Newton's binomial is as beautiful as Venus de Milo.
What happens is that few people notice it.
-- Fernando Pessoa (as Álvaro de Campos) (1888-1935)
translated from the Portuguese by Francisco Craveiro
Coimbra, Portugal is this year's host city for the Bridges Math-Art Conference during July 27-31, 2011. Thanks to planning and recruitment by math-poet Sarah Glaz, this year's conference features (on Saturday July 30) a Poetry Day, including a reading by several poets who are fluent in mathematics and who draw frequently on its imagery. These include Emily Grosholz, Amy Uyematsu, and Sarah Glaz ; I, too, am on the program but not able to attend due to illness in my family. Also reading will be poetry-in-translation by Portuguese mathematician and translator Francisco José Craveiro de Carvalho and by Iranian mathematician Saeed Ghahramani.
Here is additional information on poets participating in Bridges:
First, a link to a poem by Sarah Glaz -- a poem structured by the Fundamental Theorem of Arithmetic. This next link goes to Amy Uyematsu's "The Meaning of Zero." From here, go to "The Ratio of Green" by Emily Grosholz. Several poems that I might have read at Bridges are available in this file -- and a proposal for a workshop entitled "Using Mathematics to Make Poetry" that had been scheduled for the afternoon of Wednesday, July 27, is available here.

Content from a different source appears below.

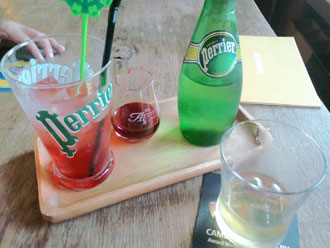 ほのかにローズヒップが香るシロップをペリエで割って頂く、なんともオシャレな飲み物でした

Sarah Glaz and I have co-edited an anthology, *Strange Attractors: Poems of Love and Mathematics* (A K Peters, Ltd, 2008) and she is an active contributor to both the devlopment and popularization of poetry-math linkages; poems by her appear in my blog postings for 18 April 2011 and 23 April 2010.
"Reflections on the Transfinite" by Emily Grosholz was posted on 24 September 2010 and Amy Uymatsu's "The Invention of Mathematics" on 29 September 2010.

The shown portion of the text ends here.